Re: How's the integration of DWARF support coming along?

2014-08-13 Thread Peter Wortmann

Johan Tibell wrote:
Do you mind expanding on what tick scopes are. It sounds scarily like something 
that happens at runtime. :)

It’s a pretty basic problem - for Core we can always walk the tree upwards to 
find some source ticks that might be useful. Cmm on the other hand is flat: 
Given one block without any annotations on its own, there is no robust way we 
could look around for debugging information.

This is especially tricky because Cmm stages want to be able to liberally add 
or remove blocks. So let’s say we have an extra GC block added: Which source 
location should we see as associated with it? And if two blocks are combined 
using common block elimination: What is now the best source location? And how 
do we express all this in a way that won’t make code generation more 
complicated? The latter is an important consideration, because code generation 
is very irregular in how it treats code - often alternating between 
accumulating it in a monad and passing it around by hand.

I have found it quite tricky to find a good solution in this design space - the 
current idea is that we associate every piece of generated Cmm with a “tick 
scope”, which decides how far a tick will “apply”. So for example a GC block 
would be generated using the same tick scope as the function’s entry block, and 
therefore will get all ticks associated with the function’s top level, which is 
probably the best choice.
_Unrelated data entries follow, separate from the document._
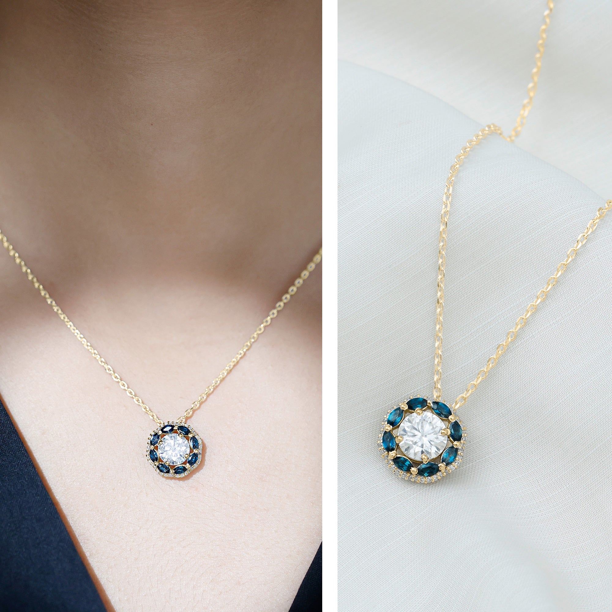 This timelessly gorgeous Halo Necklace features a glittering 8 MM round-shaped diamond center set in prong setting and surrounded by marquise shaped london blue topaz stones and sparkling round cut small diamonds. Not only does this Flower Pendant exude luxury, but it also reflects a conscious choice, handcrafted with lab made diamonds, this is eco-friendly and affordable. Additionally, this Diamond and Topaz Necklace is available in a variety of metal color options so you can choose whatever suits your unique style and make it a truly personalized piece. If you are looking for something unique, timeless, and full of brilliance, this is the perfect pendant to celebrate your love.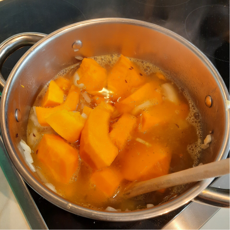 - Blijf roeren tot de soep kookt. En laat de soep dan zo'n 20 minuten koken tot de pompoen goed zacht is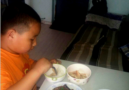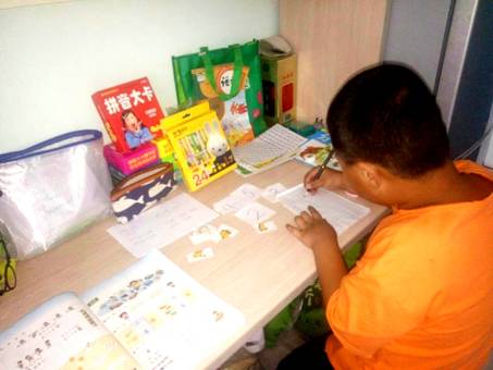 图为经过启智园老师训练后,孩子在家里能够安静的学习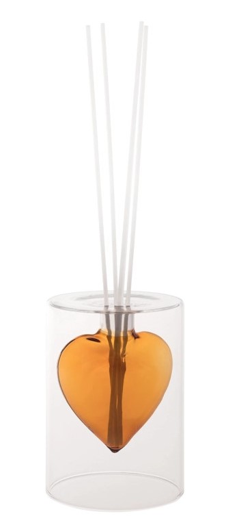 Elegante diffusore di fragranza Brandani con cuore in vetro ambrato e bastoncini in fibra ottica. Crea un’atmosfera calda e rilassante nella tua casa.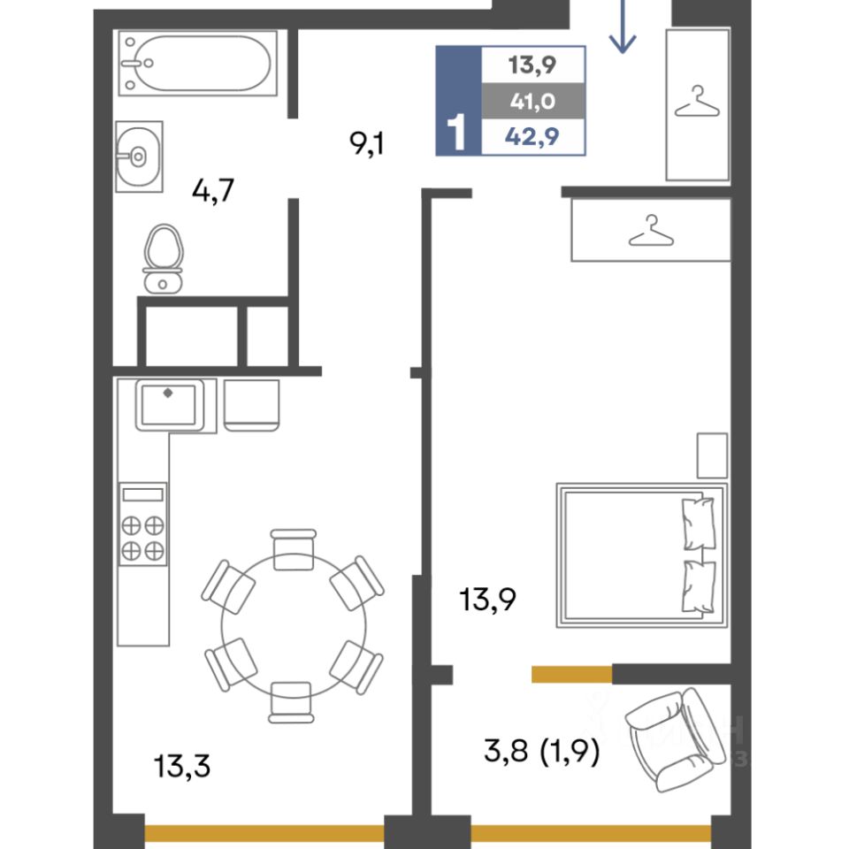 Общая площадь42,9 м²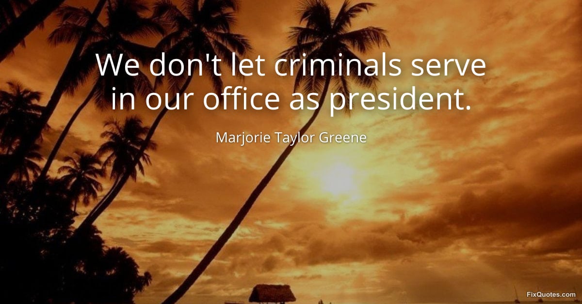 Greene, Marjorie Taylor. (2026, January 15). We don't let criminals serve in our office as president. FixQuotes. https://fixquotes.com/quotes/we-dont-let-criminals-serve-in-our-office-as-173537/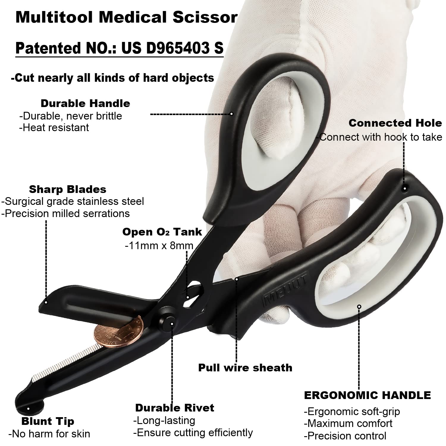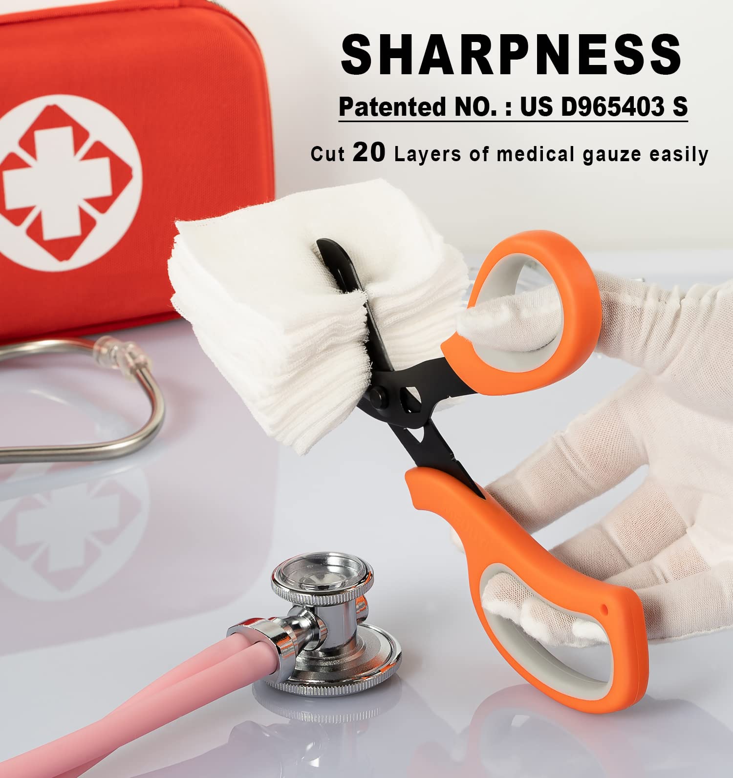 【HIGH QUILITY】: 100000 times cutting test passed, heavy duty trauma shears, made of surgical grade stainless steel 440 blades with milled serrations, fluoride-coated non-stick surface with lightweight and soft grip handle.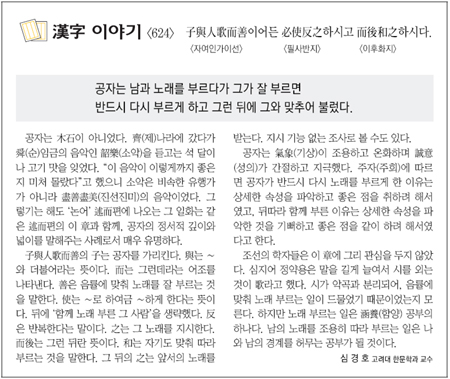 子與人歌而善의 子는 공자를 가리킨다. 與는 ∼와 더불어라는 뜻이다. 而는 그런데라는 어조를 나타낸다. 善은 음률에 맞춰 노래를 잘 부르는 것을 말한다. 使는 ∼로 하여금 ∼하게 한다는 뜻이다. 뒤에 ‘함께 노래 부른 그 사람’을 생략했다. 反은 반복한다는 말이다. 之는 그 노래를 지시한다. 而後는 그런 뒤란 뜻이다. 和는 자기도 맞춰 따라 부르는 것을 말한다. 그 뒤의 之는 앞서의 노래를 받는다. 지시 기능 없는 조사로 볼 수도 있다.

On the other hand, for merging blocks we can 
“combine” the scopes in a way that guarantees that we find (at least) the same 
ticks as before, therefore losing no information.

And yes, this design could be simplified somewhat for pure DWARF generation. 
After all, for that particular purpose every tick scope will just boil down to 
a single source location anyway. So we could simply replace scopes with the 
source link right away. But I think it would come down to about the same code 
complexity, plus having a robust structure around makes it easier to carry 
along extra information such as unwind information, extra source ticks or the 
generating Core.

Greetings,
  Peter

On Wed, Aug 13, 2014 at 8:49 PM, Peter Wortmann 
sc...@leeds.ac.ukmailto:sc...@leeds.ac.uk wrote:


At this point I have a bit more time on my hands again (modulo post-thesis 
vacations), but we are basically still in “review hell”.

I think “just” for perf_events support we’d need the following patches[1]:
1. Source notes (Core support)
2. Source notes (CorePrep  Stg support)
3. Source notes (Cmm support)
4. Tick scopes
5. Debug data extraction (NCG support)
6. Generate .loc/.file directives

We have a basic “okay” from the Simons up to number 2 (conditional on better 
documentation). Number 4 sticks out because Simon Marlow wanted to have a 
closer look at it - this is basically about how to maintain source ticks in a 
robust fashion on the Cmm level (see also section 5.5 of my thesis[2]).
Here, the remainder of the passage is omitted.